New Agers are pretty much split into two groups: believers (tragic) and con men (criminals). The Self-Help And Actualization Movement (S.H.A.M.) is split into two ideologies: victimS (you aren't responsible for what happens) and empowerment (you're totally responsible for what happens). Needless to say, I'll gladly tell you anything you want to know on the subject.
Unfortunately (because it's woo-woo stuff) sources can be sketchy - you're dealing with weirdos and criminals - but it's out there and can be nailed down. Also unfortunate is the fact the media (print, TV, online) is complicite - because it sells:
Mysteries of the Unknown, Silvia Browne on Montel, Oprah's various New Age obsessions, and stuff like that.

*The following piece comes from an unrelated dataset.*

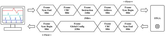 In the prototype, all digital circuits are implemented based on the FPGA, which receives instructions via a USB interface. Figure 8 illustrates the 8-byte instruction format, including a 1-byte synchronous start signal, a 1-byte address data, a 3-byte configuration data, a 1-byte check value, and a 1-byte synchronous finish signal. The receiver enable function is controlled by the synchronous start and finish signals, while the check value enables the FPGA to ascertain errors in transmission. The corresponding command location is determined by the 1-byte address data, and the instruction content is controlled by the 3-byte configuration data. To properly control the prototype, external devices must follow the specific command formats.
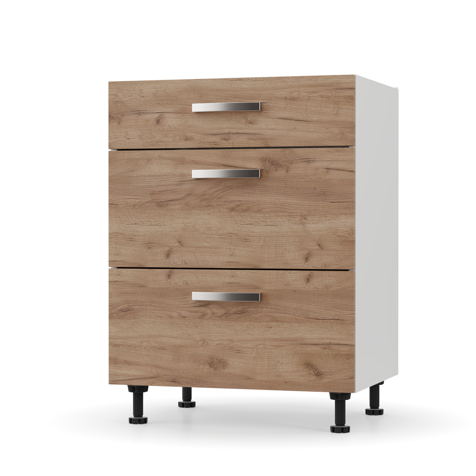 Συρταριέρα Κουζίνας 60×46.5×82 εξαιρετικής ποιότητας και υψηλής αντοχής, σε απόχρωση χρυσού δρυς. Το έπιπλο διαθέτει τρία συρτάρια.

Newspaper articles that ask "Is Homeopathy Fake?" when they know it's just water.
Director David Lynch trying to get Transcendental Meditation, specifically, in inner city schools.
The way nobody asks Scientologists hard questions about the people they've killed, or the lives they've destroyed, and their political ambitions.
On to politics:
I was in the Navy but I started off hating Bush and Co. like everyone else. Total Michael Moore fan. But then, I checked Michael Moore's "facts" online and - lo and behold - none of it held up. None of it. (And it didn't take much for it to start cracking open.) That started an odessey that continues to this day.
Now I see Bush and Co. as necessary in a dangerous time when most people I know can't find meaning. I don't feel sorry for the troops - I share their mission. And yes, dying people anywhere is tragic but I know we're fighting terrorists who don't care nearly as much about them as we do. They hade amongst the innocent, forcing us to do the unthinkable to kill the bad guys.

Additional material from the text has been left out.